■ **Given information**
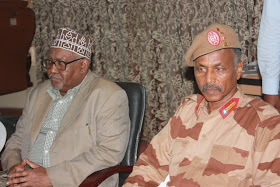 Muqdisho, Soomaaliya, Maarso 30,2011) Madaxweynaha Jamhuuriyadda Soomaliya Mudane Sharif. Sh. Axmed ayaa maanta xafiiskiisa ku dhaariyay Talliyaha Xooga Dalka Soomaaliyeed S/Guuto Cabdulqaadir Sheekh Cali Diini iyo Talliyaha Ciidanka Booliska Soomaaliyeed S/Guuto Dr. Shariif Sheekhuna Maye.
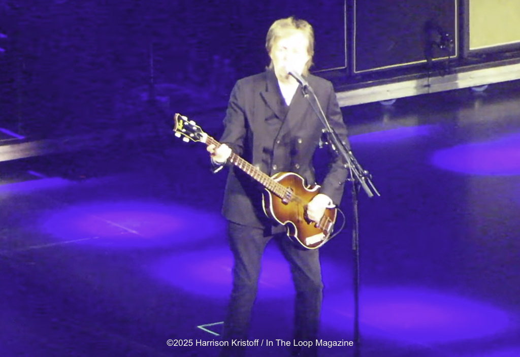 Then McCartney appeared. Dressed in a classic black, slim-cut suit that seemed to defy time, he waved his way across the stage with the same eager warmth he’s carried since the early ’60s. His trusty Höfner 500/1 Violin Bass hung from his shoulder like an old friend. “Hello Chicago, it’s great to be back here.” the former Beatle proclaimed. “We’ve got some old songs, some new songs, some middling songs. I think we are going to have a good time here tonight.” As the band took position, McCartney stepped to the mic and in one powerful stride launched into a blazing rendition of “Help!” a jolt that electrified the entire arena and set the tone for the marathon to come.
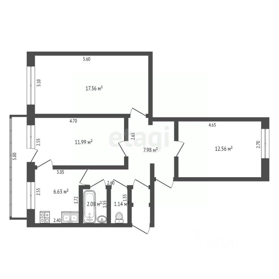 Окна выходят на сквер (солнечная сторона) и во двор, балкон во двор.
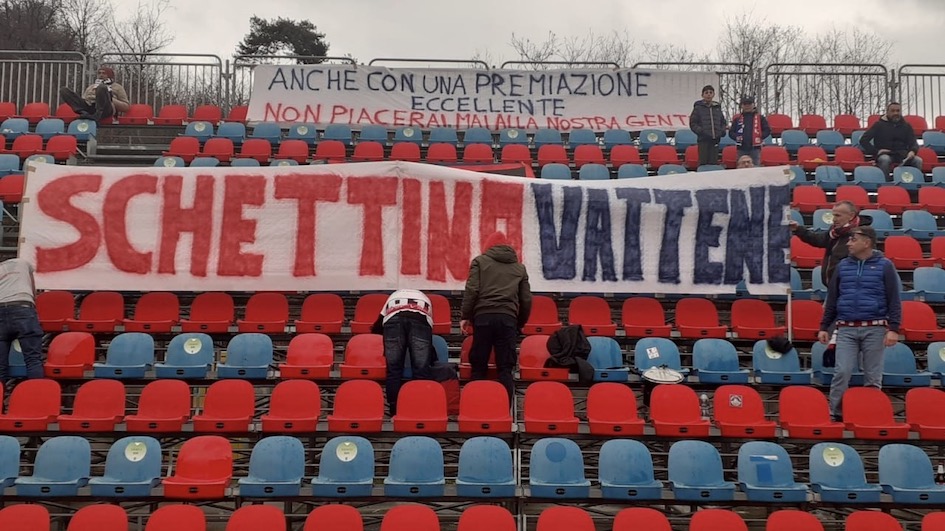 La giornata era iniziata con una pesante contestazione da parte dei Testi Mati, il gruppo ultras che segue il Gozzano, che ha esposto eloquenti striscioni contro il tecnico dei cusiani Massimiliano Schettino.

■ **Task to complete**
The answer must be an exact copy of the lines from the one with "Окна выходят на" through the final line above, both ends included, and nothing else; pictures stay out.

■ **Problem solution**
 Окна выходят на сквер (солнечная сторона) и во двор, балкон во двор.
 La giornata era iniziata con una pesante contestazione da parte dei Testi Mati, il gruppo ultras che segue il Gozzano, che ha esposto eloquenti striscioni contro il tecnico dei cusiani Massimiliano Schettino.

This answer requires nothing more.